> _Supplied material_
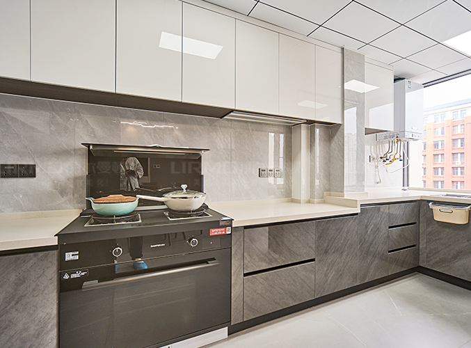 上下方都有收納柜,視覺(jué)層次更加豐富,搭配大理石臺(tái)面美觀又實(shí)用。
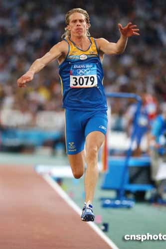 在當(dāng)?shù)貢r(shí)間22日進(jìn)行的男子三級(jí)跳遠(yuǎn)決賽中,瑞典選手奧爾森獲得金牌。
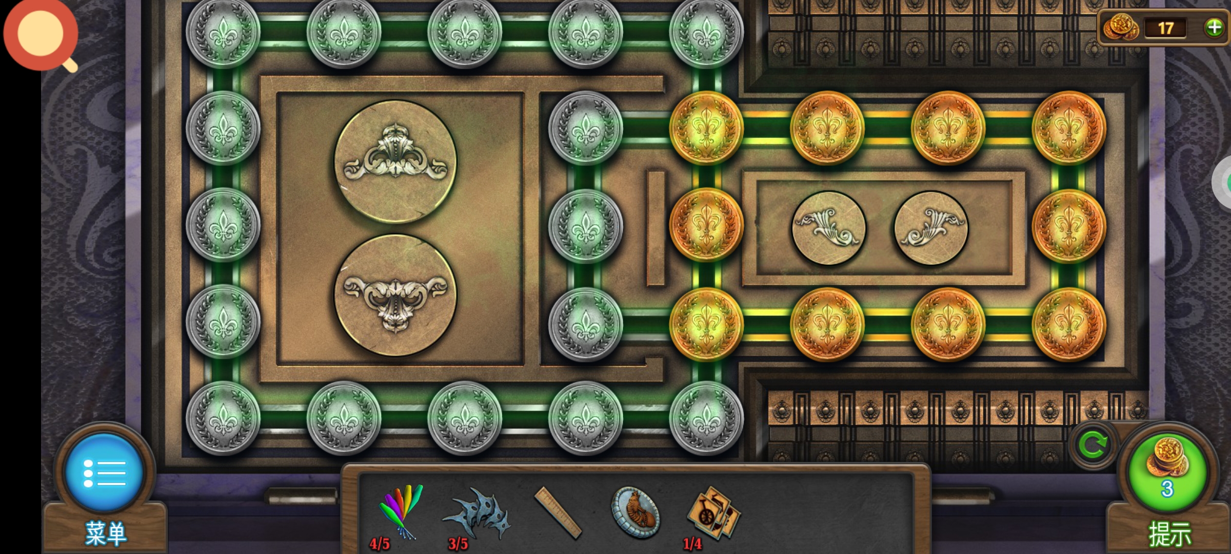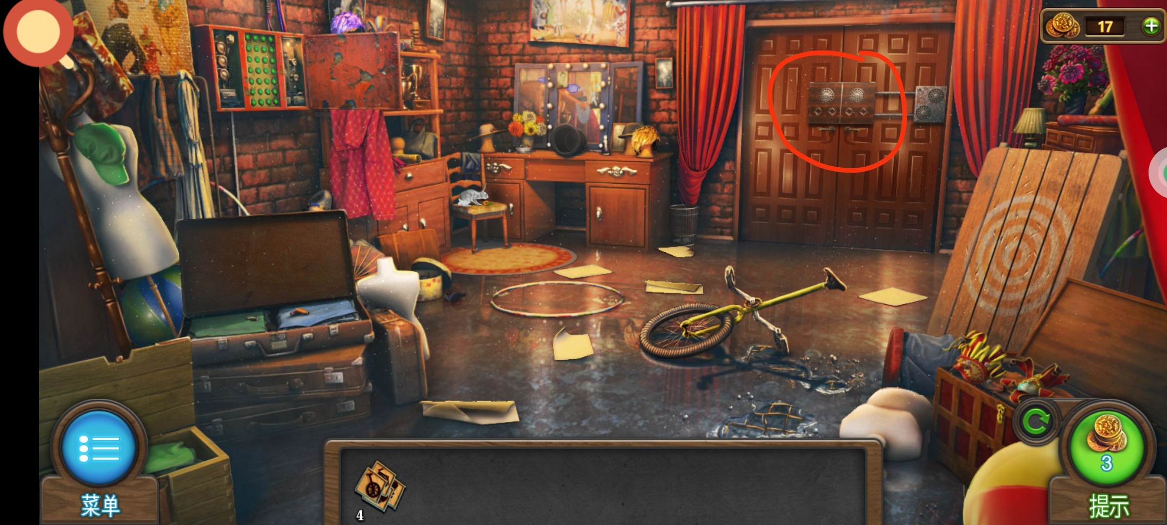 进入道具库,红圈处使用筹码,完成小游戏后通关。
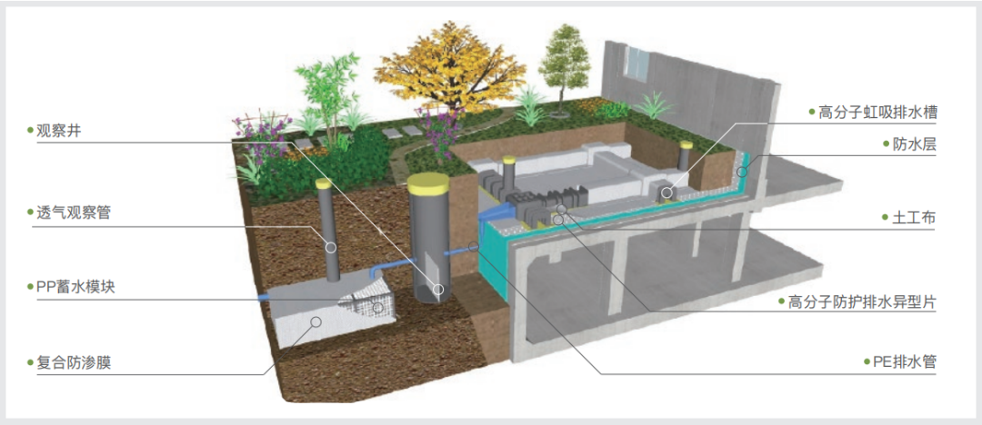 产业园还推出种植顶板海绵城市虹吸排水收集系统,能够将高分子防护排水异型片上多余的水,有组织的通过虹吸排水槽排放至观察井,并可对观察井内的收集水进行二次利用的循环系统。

> _The task_
For every line above, produce an exact transcription that omits the images.

> _Reply to the task_
 上下方都有收納柜,視覺(jué)層次更加豐富,搭配大理石臺(tái)面美觀又實(shí)用。
 在當(dāng)?shù)貢r(shí)間22日進(jìn)行的男子三級(jí)跳遠(yuǎn)決賽中,瑞典選手奧爾森獲得金牌。
 进入道具库,红圈处使用筹码,完成小游戏后通关。
 产业园还推出种植顶板海绵城市虹吸排水收集系统,能够将高分子防护排水异型片上多余的水,有组织的通过虹吸排水槽排放至观察井,并可对观察井内的收集水进行二次利用的循环系统。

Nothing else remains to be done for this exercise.